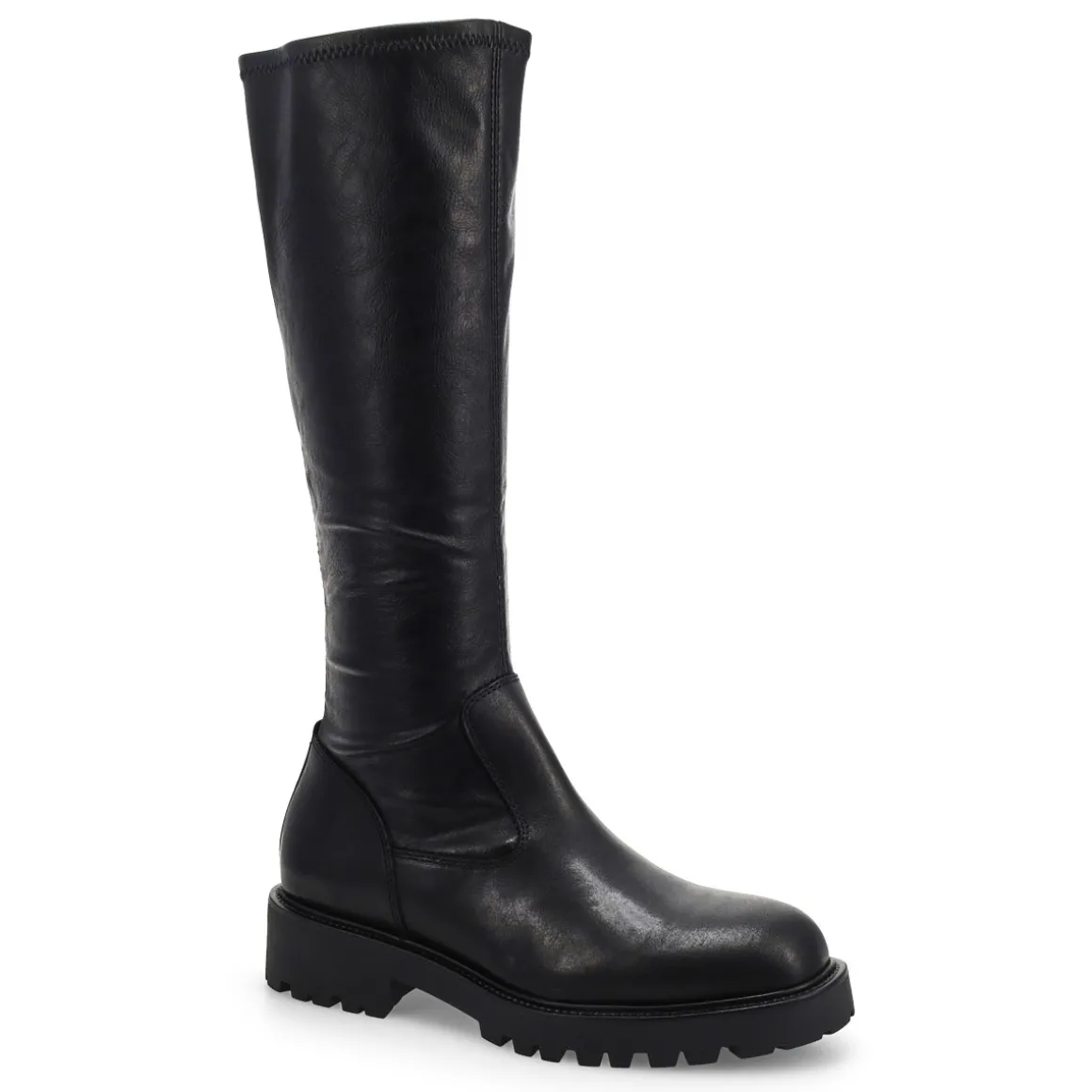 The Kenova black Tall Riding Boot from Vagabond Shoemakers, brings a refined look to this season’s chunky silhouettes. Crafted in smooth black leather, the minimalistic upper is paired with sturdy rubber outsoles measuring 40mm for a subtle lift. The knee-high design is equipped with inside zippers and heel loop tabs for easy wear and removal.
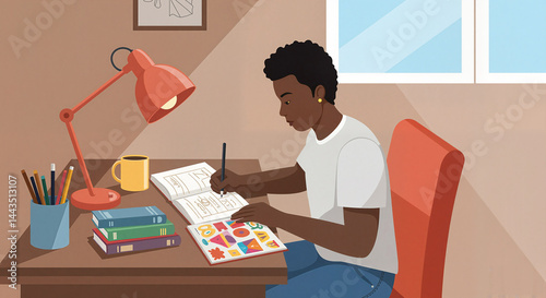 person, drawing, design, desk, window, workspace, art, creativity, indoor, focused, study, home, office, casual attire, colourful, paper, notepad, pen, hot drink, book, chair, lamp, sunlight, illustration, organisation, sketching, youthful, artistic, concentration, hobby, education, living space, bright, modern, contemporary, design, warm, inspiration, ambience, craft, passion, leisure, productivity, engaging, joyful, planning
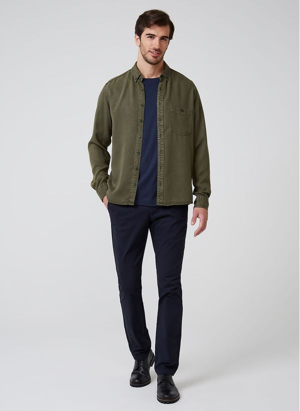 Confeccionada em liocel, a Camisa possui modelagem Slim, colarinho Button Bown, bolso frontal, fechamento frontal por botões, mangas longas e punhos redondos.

[About this task]:
Although the material contains pictures, only the lines are to be written out, exactly as they stand.

[Result]:
 The Kenova black Tall Riding Boot from Vagabond Shoemakers, brings a refined look to this season’s chunky silhouettes. Crafted in smooth black leather, the minimalistic upper is paired with sturdy rubber outsoles measuring 40mm for a subtle lift. The knee-high design is equipped with inside zippers and heel loop tabs for easy wear and removal.
 person, drawing, design, desk, window, workspace, art, creativity, indoor, focused, study, home, office, casual attire, colourful, paper, notepad, pen, hot drink, book, chair, lamp, sunlight, illustration, organisation, sketching, youthful, artistic, concentration, hobby, education, living space, bright, modern, contemporary, design, warm, inspiration, ambience, craft, passion, leisure, productivity, engaging, joyful, planning
 Confeccionada em liocel, a Camisa possui modelagem Slim, colarinho Button Bown, bolso frontal, fechamento frontal por botões, mangas longas e punhos redondos.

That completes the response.